L’article R. 752-30 du même code précise que ce délai court, pour l’auteur de la demande d’autorisation, à compter de la notification de l’avis ou de la décision. S’agissant des tiers, il court à compter de la date la plus tardive des deux dates correspondant, l’une à la publication de l’avis ou de la décision au recueil des actes administratifs de la préfecture, l’autre à la seconde des deux insertions effectuées dans la presse régionale ou locale diffusée dans le département.

La CNAC doit se prononcer dans le délai légal de 4 mois à compter de sa saisine.
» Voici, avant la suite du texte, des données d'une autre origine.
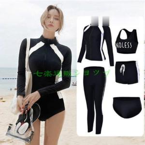 水着 レディース 上下セット 4点セット 前開き 韓国風 スポーツ 長袖水着 サーフィン 海辺 ビーチ ラッシュガード 紫外線対策 日焼け対策 2色

A défaut, une décision implicite est réputée prise, qui confirme la décision de la commission départementale d’aménagement commercial. La CNAC peut toutefois revenir sur cette décision implicite, si elle est illégale, dans le délai de deux mois suivant son intervention (CE, 11 juin 2014, n°353159 ; CE, 23 décembre 2013, n°353821). Une décision expresse est alors prise, retirant la décision implicite illégalement intervenue.

La CNAC apprécie le respect des critères légaux au jour où elle prend sa décision, celle-ci se substitue à la décision de la commission départementale.

Recevabilité des recours

En application des articles L. 752-17 et R. 752-31 du code de commerce, chaque recours exercé auprès de la Commission nationale est accompagné des motivations et de la justification de l’intérêt à agir de chaque requérant.
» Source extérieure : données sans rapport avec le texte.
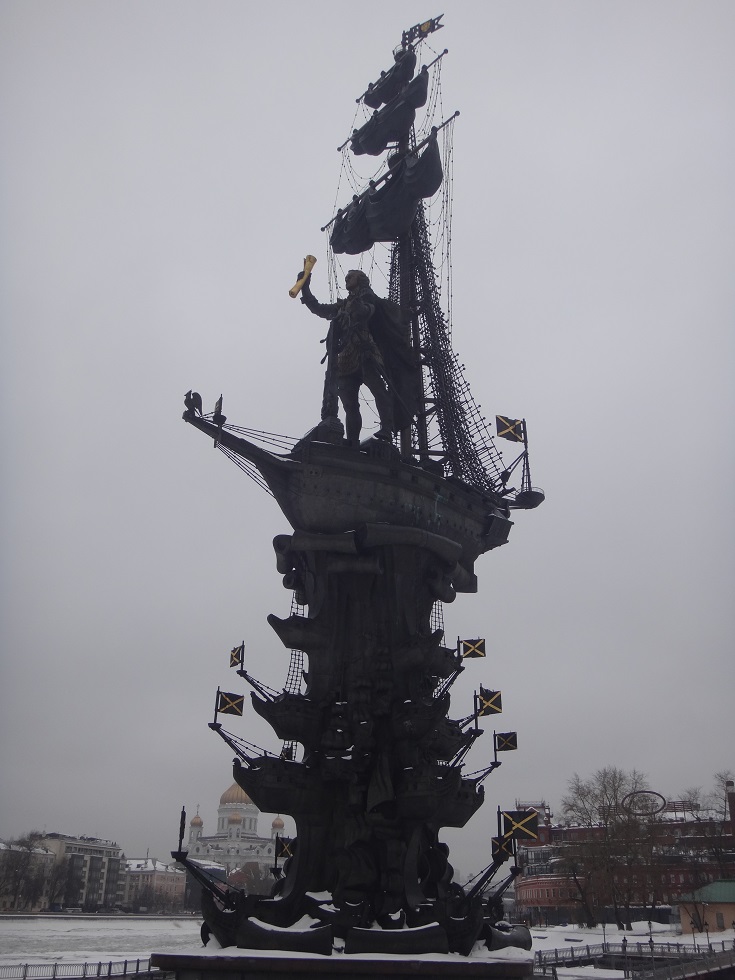 クルーズ船がモスクワ川を西方から東方に進むと、目の前に巨大な像が見えてきます。クルーズ船はこの像の脇を通過しますので、全体像をしっかりと観察することが出来ます。クレムリン城塞内に展示されている鐘の皇帝や大砲の皇帝も巨大で重量がありますが、この像も重量と巨大さでは他に類を見ないように思います。ロシア人は昔も今も巨大が大好きなのかも知れません。 閉じる投稿日:2017/10/04

Par ailleurs, l’article R. 752-32 du code de commerce prévoit qu’à peine d’irrecevabilité de son recours, dans les cinq jours suivant sa présentation à la commission nationale, le requérant, s’il est distinct du demandeur de l’autorisation d’exploitation commerciale, communique son recours à ce dernier soit par lettre recommandée avec demande d’avis de réception, soit par tout moyen sécurisé.

Fonctionnement de la CNAC

La CNAC prend ses décisions au regard des critères énumérés à l’article L. 752-6 du code de commerce. L'obligation de motiver la décision n'implique pas que la CNAC soit tenue de prendre explicitement parti sur le respect, par le projet qui lui est soumis, de chacun des objectifs et critères d'appréciation fixés par les dispositions législatives applicables, ni de répondre à chacun des arguments soulevés devant elle par les parties.

Les critères de décision de la CNAC

La Commission nationale apprécie la conformité des projets aux objectifs prévus par l’article 1er de la loi du 27 décembre 1973 et à l’article L. 750-1 du code de commerce selon lequel « les implantations, extensions, transferts d'activités existantes et changements de secteur d'activité d'entreprises commerciales et artisanales doivent répondre aux exigences d'aménagement du territoire, de la protection de l'environnement et de la qualité de l'urbanisme ». L’autorisation d’exploitation commerciale ne peut être refusée que si le projet, eu égard à ses effets, compromet la réalisation des objectifs énoncés par la loi.

Dans le but de faciliter le libre établissement et la concurrence, l’article 102 de la loi de modernisation de l’économie du 4 août 2008, prise en transposition de la directive 2006/123/CE (dite « directive services ») a supprimé les tests économiques. Les projets d’aménagement commercial s’apprécient au regard de 3 critères.

En vertu des articles L. 752-1 et L. 752-6 du code de commerce, la CNAC, lorsqu’elle statue, se prononce ainsi sur les effets du projet, selon les critères relatifs à l’aménagement du territoire, au développement durable et à la protection des consommateurs prévus à l’article L. 752-6 du code de commerce et détaillés à l’article R. 752-6 du même code.

Même si certains requérants et certaines décisions (ou avis) de CDAC continuent toujours d’invoquer des moyens fondés sur les anciens critères économiques, les commissions d’aménagement commerciale ne peuvent plus prendre en compte la densité commerciale ou l’animation de la concurrence et l’emploi.